── Information supplied

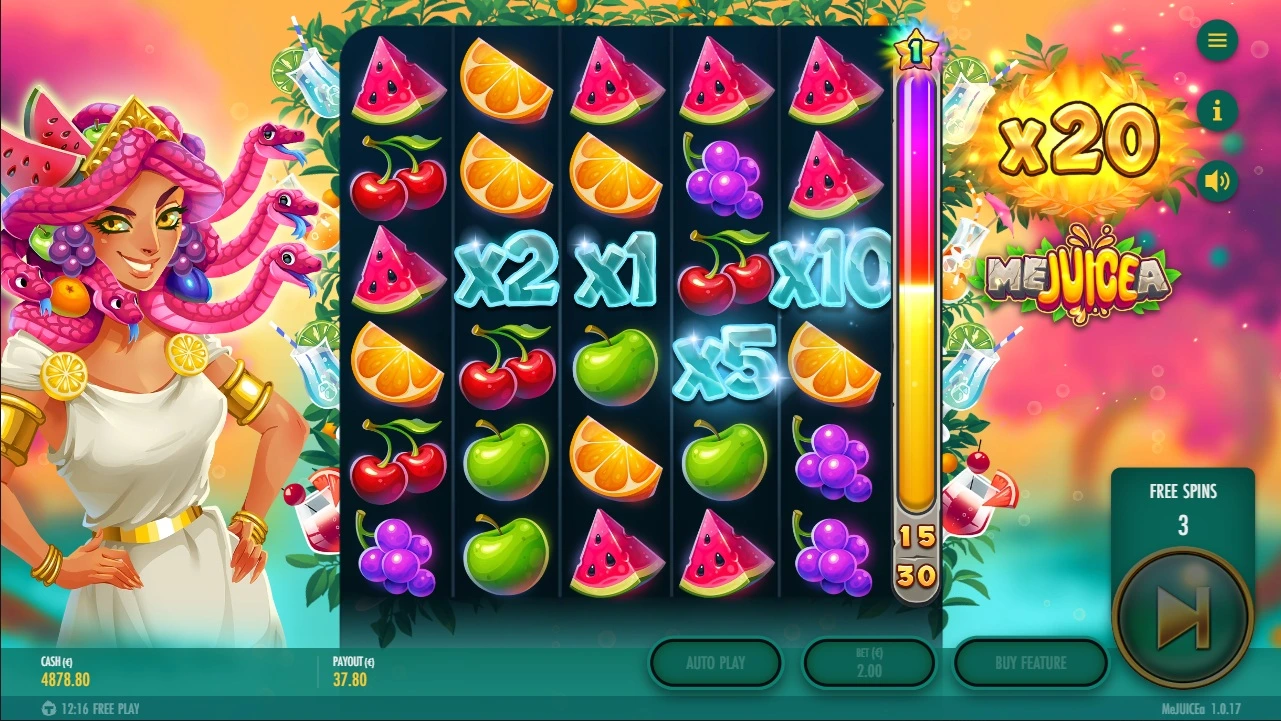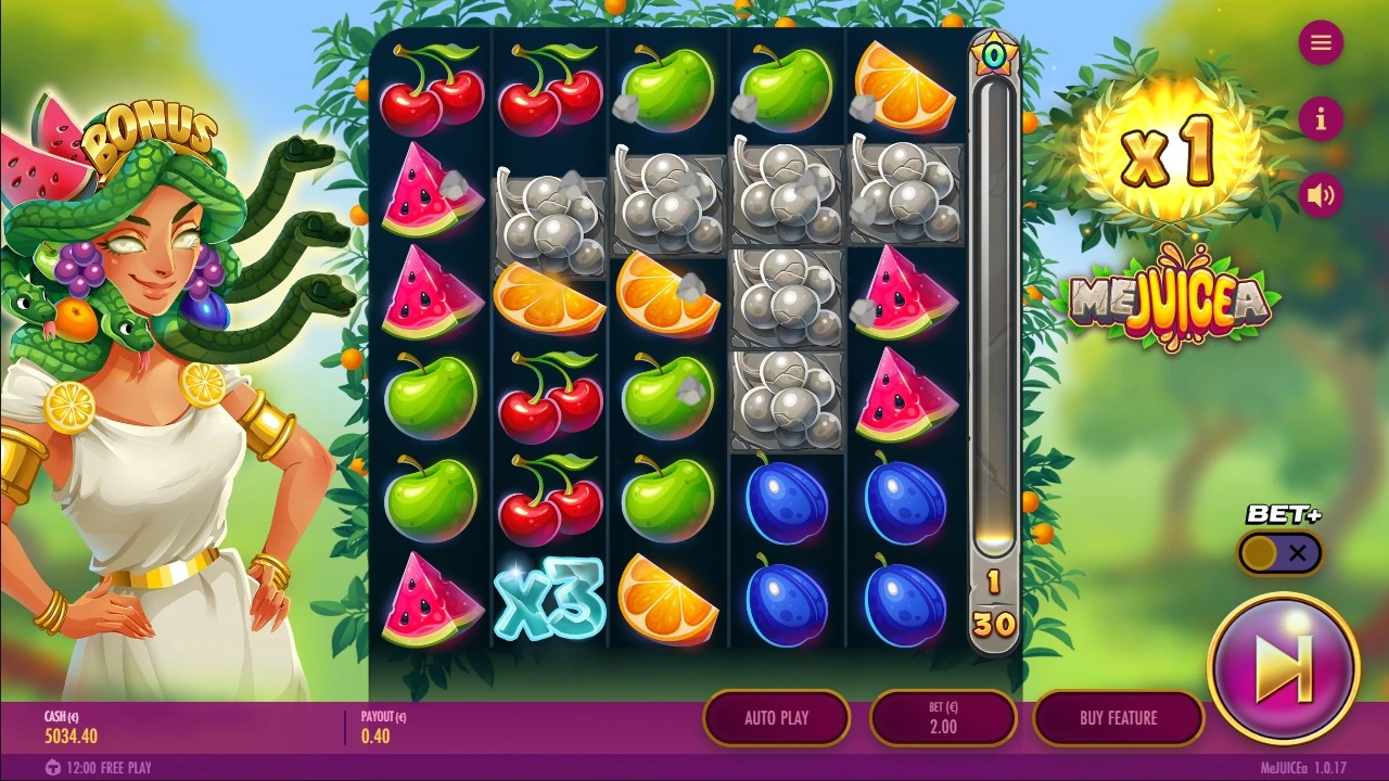 MeJUICEa comes with a maximum payout of 5.000 times your bet and is a medium to high volatile slot game.
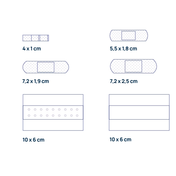 - Sada univerzálnych náplastí určených na ochranu malých rán, poranení kože, rezov, odrenín a tržných rán s malým až stredným množstvom exsudátu pred kontamináciou.
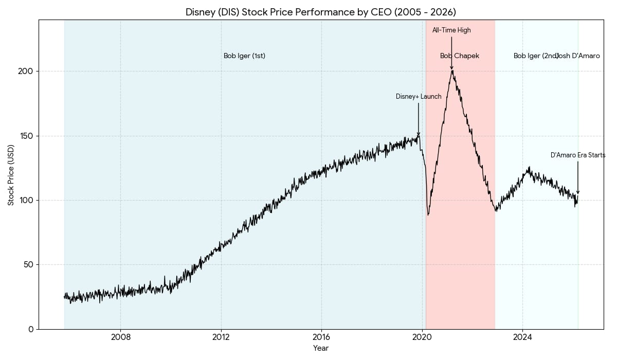 With Disney stock trading at decade-old levels despite the streaming era, D'Amaro's speed-focused strategy faces immediate pressure to deliver results. If it doesn’t work they’ll just bring Bob Iger back in again, I assume. He’s the zombie CEO!

────

- [Try it] Give the data above again, exactly, with every picture removed.

- [Task output]
 MeJUICEa comes with a maximum payout of 5.000 times your bet and is a medium to high volatile slot game.
 - Sada univerzálnych náplastí určených na ochranu malých rán, poranení kože, rezov, odrenín a tržných rán s malým až stredným množstvom exsudátu pred kontamináciou.
 With Disney stock trading at decade-old levels despite the streaming era, D'Amaro's speed-focused strategy faces immediate pressure to deliver results. If it doesn’t work they’ll just bring Bob Iger back in again, I assume. He’s the zombie CEO!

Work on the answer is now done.